Trump's "ultimate deal"

Evan Vucci / AP

Every American president fantasizes about being the Middle East peacemaker. It's the great unattainable — a sure-fire Nobel Peace Prize, and your own page in the history books.

Influential figures in the conservative pro-Israel community have concluded that President Trump and his son-in-law Jared Kushner have convinced themselves that their dealmaking talents can clinch this "ultimate deal" between Israel and the Palestinians.
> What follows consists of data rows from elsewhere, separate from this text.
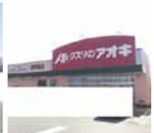
クスリのアオキまで430m(徒歩6分)
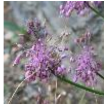
Allium carinatum subsp. pulchellum
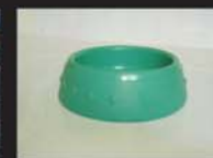
Vasilhas de água para animais
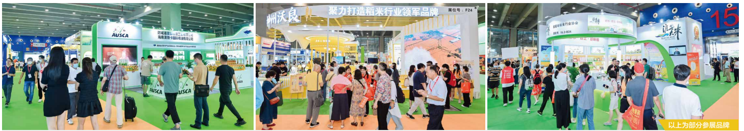
以上为部分参展品牌

根据机构的调研, 2022年我国大米行业市场规模达到7234亿元, 近五年年均符合增长率为1.09%, 预计2023年全国大米市场规模将达到7413亿元。随着国民经济以及消费需求持续向好, 中高端大米逐渐受到年轻、购买力强的消费人群的喜爱, 消费需求呈现持续增长态势, 市场规模和潜力持续快速扩张, 为品牌大米的发展提供了有利条件, 大米市场的角逐进入品牌竞争时代。
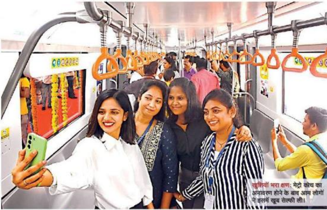
खुशियों भरा क्षण: मेट्रो कोच का अनावरण होने के बाद आम लोगों ने इसमें खूब सेल्फी ली।
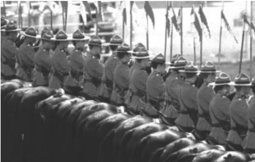
La gendarmerie royale du Canada

Chaque année, le 1 er juillet, nous célébrons la Fête du Canada, jour anniversaire de la Confédération.

Trump the dealmaker has begun inching to the left on Israel:

  • The Trump administration alienated some allies in conservative pro-Israel circles by allowing the State Department to hire Michael Ratney, who was a senior U.S. diplomat in Jerusalem under John Kerry. In recent days, a number of influential conservatives have reached out to White House officials, urging them to fire Ratney.
  • On the campaign trail, Trump promised to "move the American embassy to the eternal capital of the Jewish people, Jerusalem." As president, Trump is keeping the embassy in Tel Aviv as a bargaining chip to extract future concessions from Israeli Prime Minister Bibi Netanyahu.
  • Trump infuriated Palestinians by breaking with U.S. policy and saying he could potentially support a one-state solution. But during the same recent visit with Netanyahu, Trump threw a bone to the left by gently chiding the Israelis on settlement building.
  • On Friday, Trump spoke by phone to President Mahmoud Abbas of the Palestinian Authority. According to the White House, they "discussed a comprehensive agreement that would end the Israeli-Palestinian conflict." Trump invited Abbas to visit the White House in the near future.

So what comes next?

  • The hardbitten view: A conservative pro-Israel leader tells me Trump's aspirations "will run up against the reality of dealing with the Palestinians."
  • The most hopeful words: In a recent interview on David Axelrod's podcast, The Atlantic's editor Jeffrey Goldberg repeated a joke that Jared Kushner's principal qualification to be Trump's Middle East peacemaker was that he'd been to Jewish summer camp. But Goldberg wisely noted that the "great geniuses of American diplomacy" have all failed to achieve a deal:
There's almost like a Jewish comic novel in this ... And then a boy named Jared Kushner emerged from Trump Tower and brought peace to the tribes of Abraham. I mean ... who knows?